As impressive as it is that scientists can do that, you may wonder, what's the point? There is a clear advantage to studying the human genome, but what will we get out of decoding the DNA of a rhinoceros or flea?

Earth BioGenome will essentially allow scientists to make a high-resolution, digital genetic snapshot of known life Earth. "The greatest legacy of [the project] will be a complete digital library of life that will lead to future discoveries for generations," said Gene Robinson, one of the project leaders, as well as a professor of entomology and the director of the Carl R. Woese Institute for Genomic Biology at the University of Illinois

The estimated profitability of the Human Genome Project was 141 to 1 – and that's just the financial side of things. The project has been instrumental in driving the affordable genomics we know today, an area designed to accelerate the discovery of disease-causing genetic mutations and help diagnose and treat them. New gene editing tools, such as CRISPR, have emerged and may someday be able to cure genetic diseases.

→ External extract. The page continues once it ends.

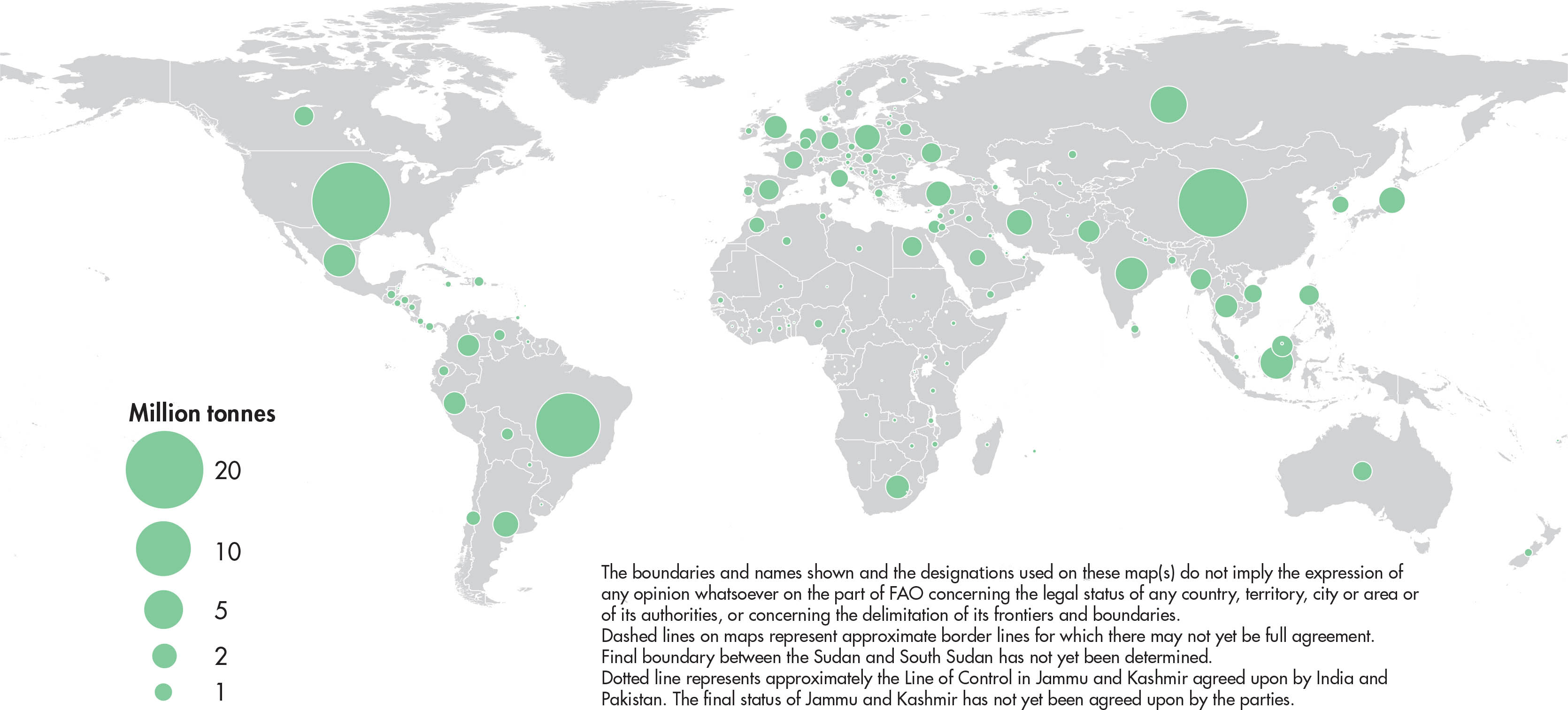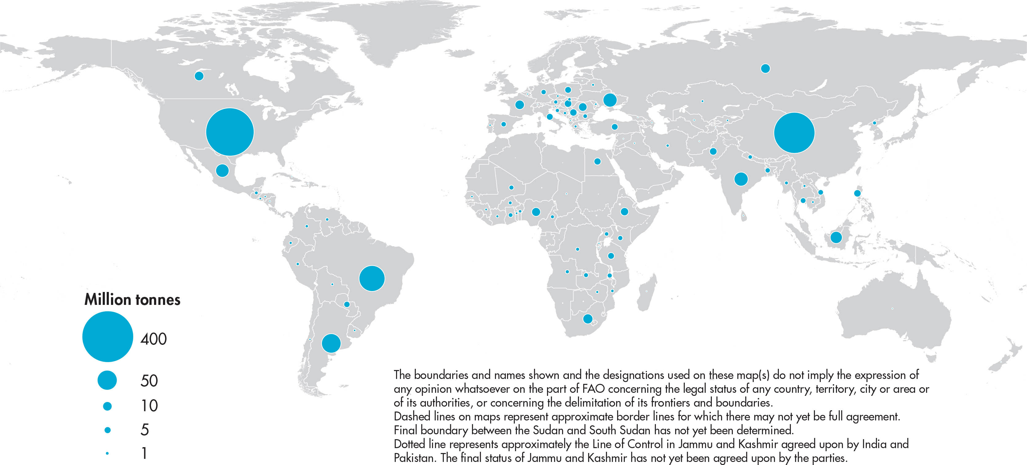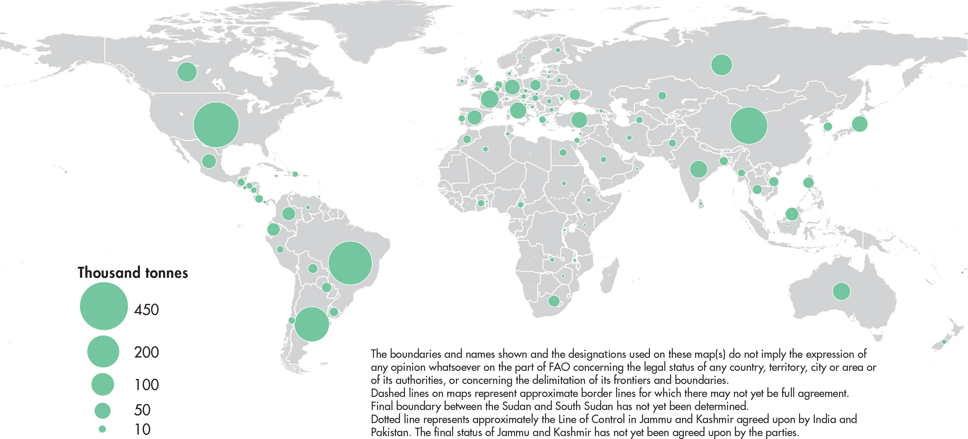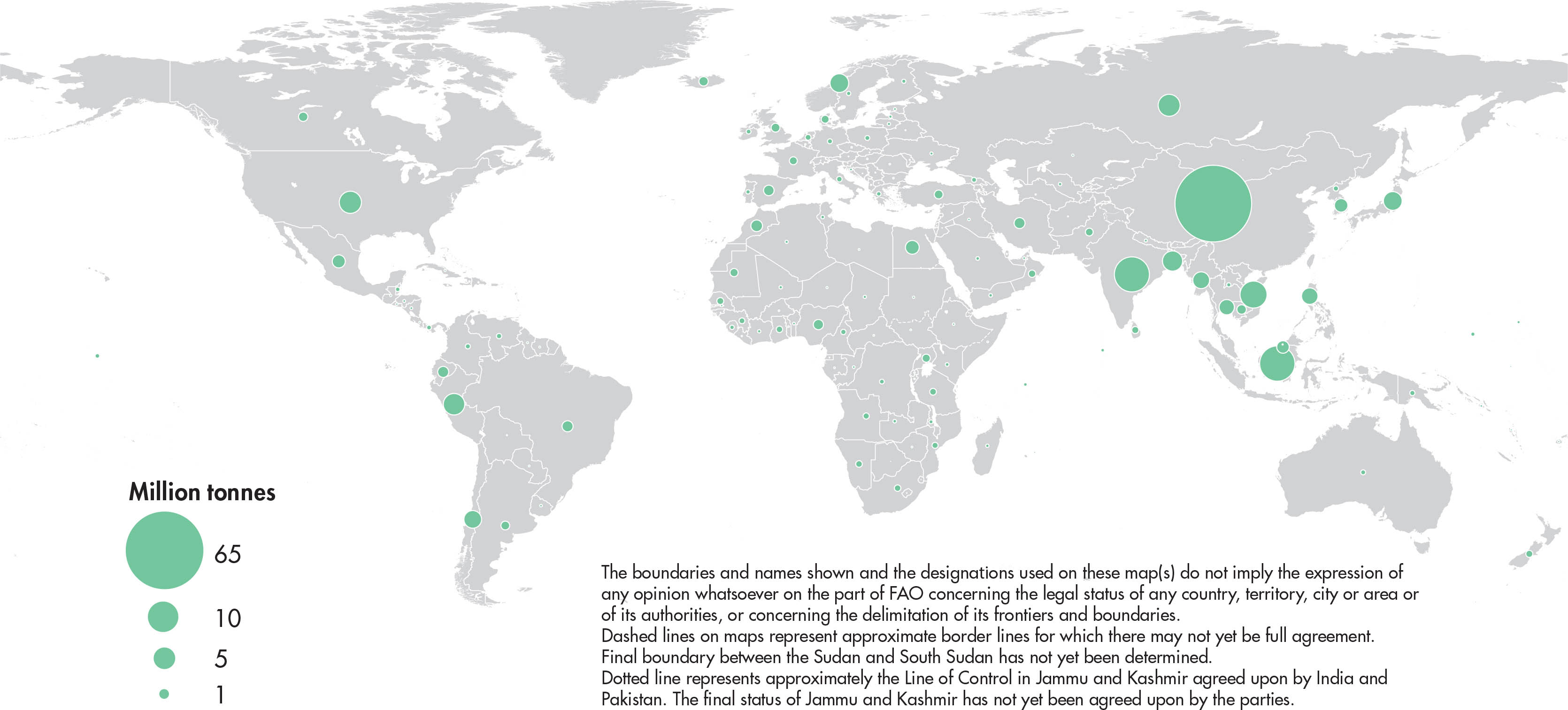 Figures relate to the total domestic production whether inside or outside the agricultural sector, i.e. they include non-commercial production and production from kitchen gardens. Unless otherwise indicated, production is reported at the farm level for crop and livestock products (i.e. in the case of crops, excluding harvesting losses) and in terms of live weight for fish items (i.e. the actual ex-water weight at time of catch). All data shown relate to total meat production from both commercial and farm slaughter. Data are expressed in terms of dressed carcass weight, excluding offal and slaughter fats. Production of beef and buffalo meat includes veal; mutton and goat meat includes meat from lambs and kids; and pig meat includes bacon and ham in fresh equivalent. Poultry meat includes meat from all domestic birds and refers, wherever possible, to ready-to-cook weigh.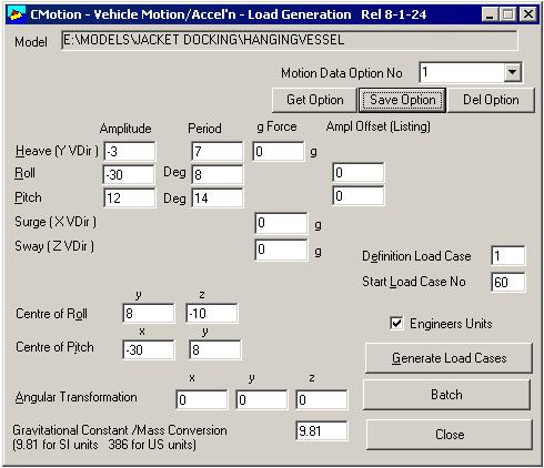FS-CMotion is a load processor for the generation of equivalent static structural loads resulting from the inertia forces and gravitational inclination forces developed from the type of motion associated with sea-going vessels. Forces due to the effects of heave, roll and pitch are accounted for.

Extrapolate these yields over millions of species, and then the knowledge gained – and the tangible benefits of this insight – is likely to be significant. Genome research on crops, for example, has already resulted in plants that grow faster, produce more food, and are more resilient to pests or thunderstorms. Researchers can find new medicines or find better ways to develop organisms for production or energy. They will be able to make complicated discoveries about how and when different species evolved – information that has been buried in the depths of history so far.

They will create a digital gene bank of the species of the world. What other useful genes will lurk there to inspire a new generation of synthetic biologists?

"[In the future] Designing genomes will be a personal thing, a new art form, as creative as painting or sculpture, few of the new creations will be masterpieces, but many will delight creators in our fauna and flora The well-known physicist Freeman Dyson said in 2007.

Just over ten years later, his vision of what would have been closer to science fiction not too long ago is approaching reality. Earth BioGenome would provide the biologists of the future with a significant part of the Earth's genetic range.

But it is not finished yet. In addition to financing, the subtleties of the project need to be specified. One of the biggest questions is how exactly will scientists take on the gigantic task of collecting intact DNA samples from all known species on Earth. Some museum copies are used, but many have probably not been preserved so that the DNA could produce a high quality genome. An important source of samples will be the Global Genome Biodiversity Network.

"Genomics has helped scientists develop new medicines and new sources of renewable energy, feed a growing population, protect the environment, and support human survival and well-being." Robinson said. "The Earth BioGenome Project will give us an insight into the history and diversity of life and help us better understand how we can sustain it."